-- Items listed in a dataset --
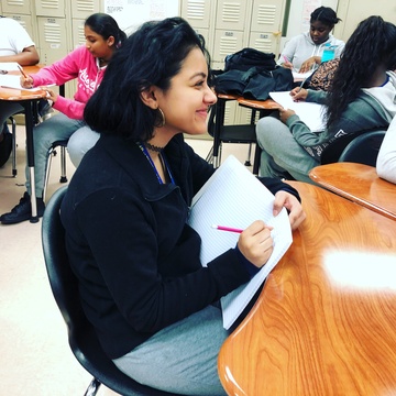 After spending time to craft their individual pieces, the students explored what it means to collaborate on a community poem and incorporate all the voices in the room. They took lines from their individual poems and put them together to form one large community work. Here are a few excerpts from the rough drafts formed in both classes:
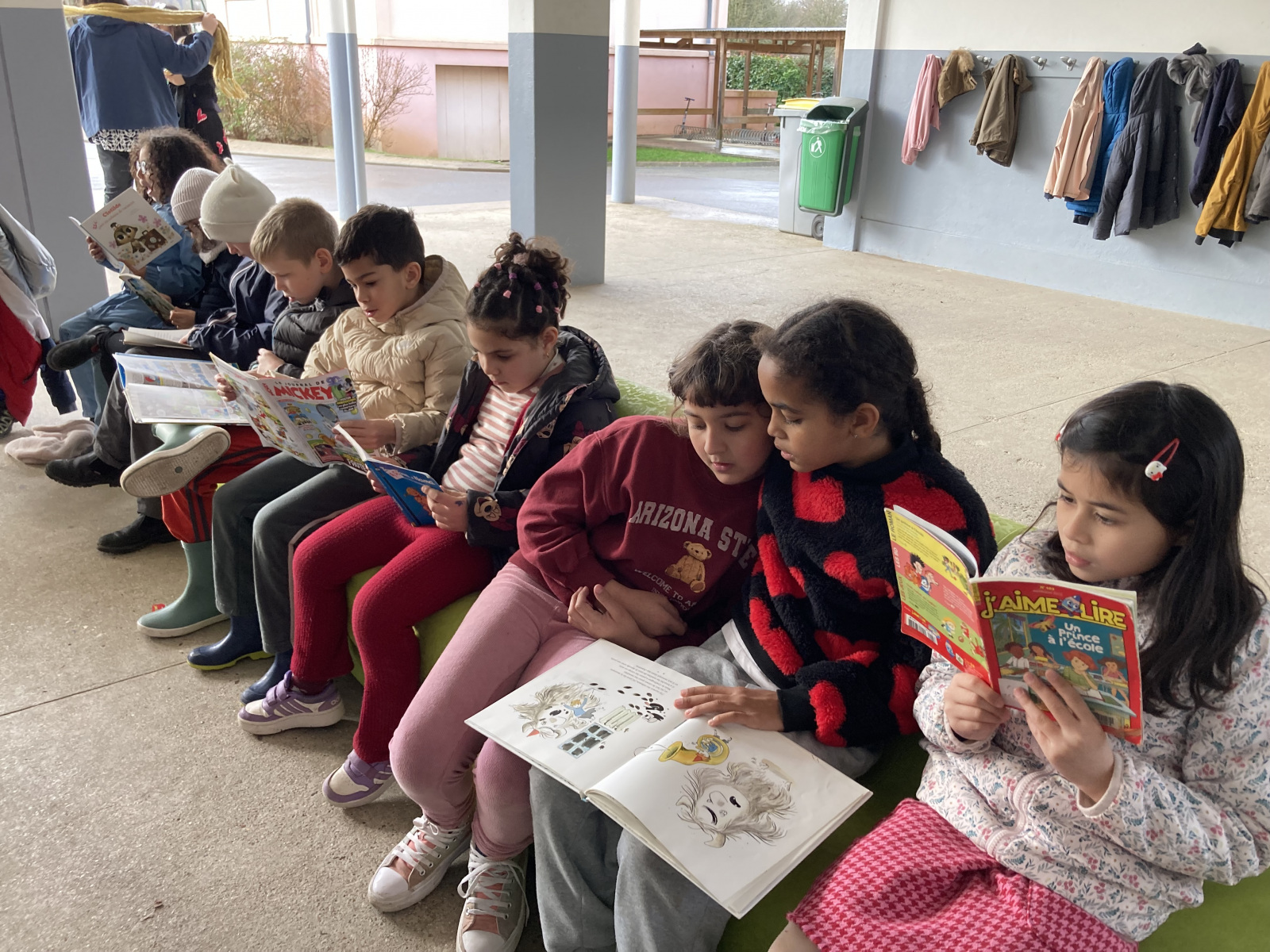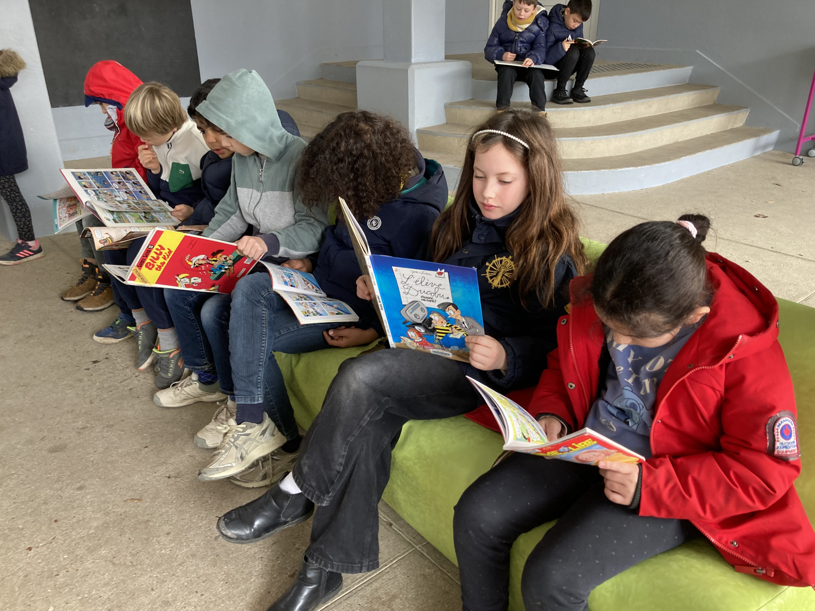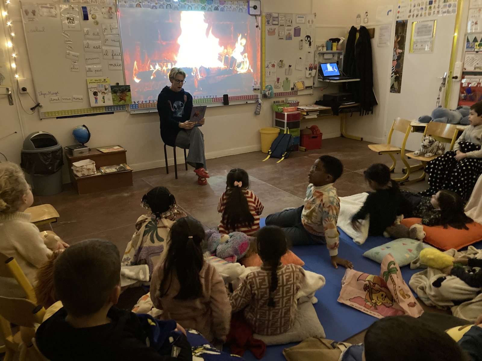 Dans les différentes classes, les enfants ont pu s’installer confortablement au sol, s’allonger et profiter d’un moment calme autour des histoires. Les enseignants, mais aussi certains élèves, ont pris plaisir à lire et raconter des histoires aux autres.
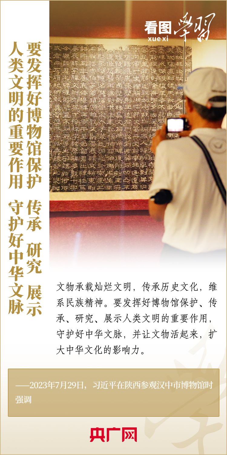 “一座博物館就是一所大學?!薄安┪镳^很重要,我從小就愛看博物館,小時候北京的博物館我差不多都看過了”“博物館建設要更完善、更成體系,同時發揮好博物館的教育功能”……在國內考察中,習近平總書記曾經多次走進當地博物館,了解館藏文物的收藏、保護、研究情況,對博物館建設和利用作出重要指示。一起來學習!
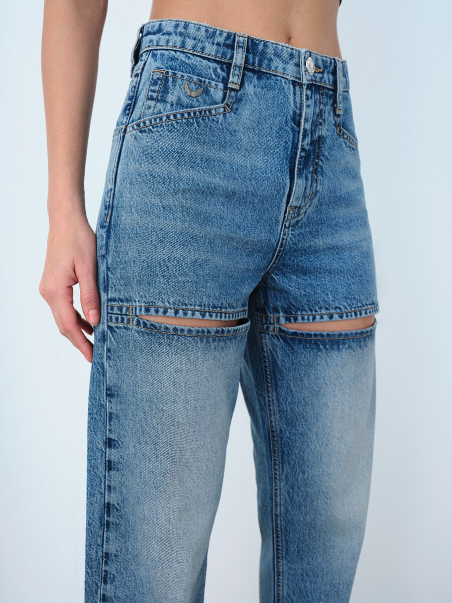 Yüksek bel SLIM STRAIGHT, vücuda oturan kesimi ve düz paçasıyla hareket özgürlüğünü kısıtlamadan feminenliği ön plana çıkarıyor. Pantolondaki dikey kesikler, denim kumaşın nefes alabilirliği ve yumuşaklığıyla birleşince sokak stiline farklı bir boyut katıyor.
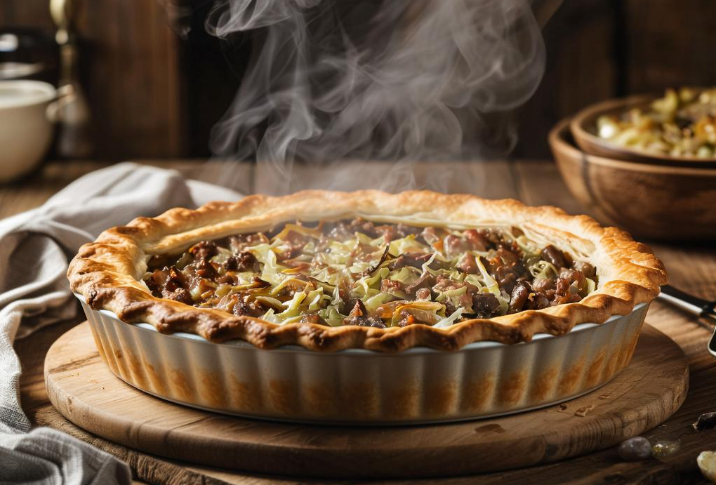 Этот пирог — настоящее кулинарное чудо. Внутри него скрывается нежная начинка из капусты и мяса, которая придает изделию насыщенный вкус и аромат. Тесто пирога хрустящее снаружи и мягкое внутри, а начинка добавляет свежести и пикантности. Пирог с капустой и мясом — идеальный выбор для тех, кто любит сочетать вкусное и полезное.
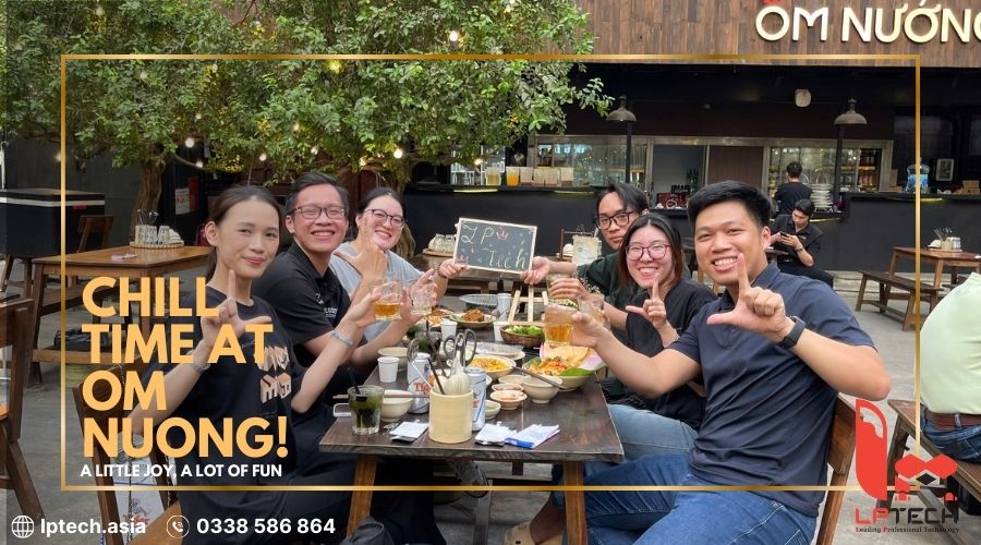 Sau buổi Sharing Day đầy ý nghĩa, đại gia đình LPTech đã có một buổi tụ họp tại Om Nướng. Cả đội cùng nhau ngồi quanh bàn, chia sẻ những câu chuyện từ công việc đến cuộc sống thường ngày. Không gian tràn ngập tiếng cười tạo nên một bầu không khí gần gũi như gia đình. Sự kiện này không chỉ là dịp để thư giãn mà còn khẳng định giá trị cốt lõi của LPTech: sự gắn kết và hỗ trợ lẫn nhau, nơi mỗi cá nhân đều góp phần xây dựng một môi trường làm việc tích cực và bền vững.

-- Work required --
Word for word, return the entries above, but without any pictures.

-- Written response --
 After spending time to craft their individual pieces, the students explored what it means to collaborate on a community poem and incorporate all the voices in the room. They took lines from their individual poems and put them together to form one large community work. Here are a few excerpts from the rough drafts formed in both classes:
 Dans les différentes classes, les enfants ont pu s’installer confortablement au sol, s’allonger et profiter d’un moment calme autour des histoires. Les enseignants, mais aussi certains élèves, ont pris plaisir à lire et raconter des histoires aux autres.
 “一座博物館就是一所大學?!薄安┪镳^很重要,我從小就愛看博物館,小時候北京的博物館我差不多都看過了”“博物館建設要更完善、更成體系,同時發揮好博物館的教育功能”……在國內考察中,習近平總書記曾經多次走進當地博物館,了解館藏文物的收藏、保護、研究情況,對博物館建設和利用作出重要指示。一起來學習!
 Yüksek bel SLIM STRAIGHT, vücuda oturan kesimi ve düz paçasıyla hareket özgürlüğünü kısıtlamadan feminenliği ön plana çıkarıyor. Pantolondaki dikey kesikler, denim kumaşın nefes alabilirliği ve yumuşaklığıyla birleşince sokak stiline farklı bir boyut katıyor.
 Этот пирог — настоящее кулинарное чудо. Внутри него скрывается нежная начинка из капусты и мяса, которая придает изделию насыщенный вкус и аромат. Тесто пирога хрустящее снаружи и мягкое внутри, а начинка добавляет свежести и пикантности. Пирог с капустой и мясом — идеальный выбор для тех, кто любит сочетать вкусное и полезное.
 Sau buổi Sharing Day đầy ý nghĩa, đại gia đình LPTech đã có một buổi tụ họp tại Om Nướng. Cả đội cùng nhau ngồi quanh bàn, chia sẻ những câu chuyện từ công việc đến cuộc sống thường ngày. Không gian tràn ngập tiếng cười tạo nên một bầu không khí gần gũi như gia đình. Sự kiện này không chỉ là dịp để thư giãn mà còn khẳng định giá trị cốt lõi của LPTech: sự gắn kết và hỗ trợ lẫn nhau, nơi mỗi cá nhân đều góp phần xây dựng một môi trường làm việc tích cực và bền vững.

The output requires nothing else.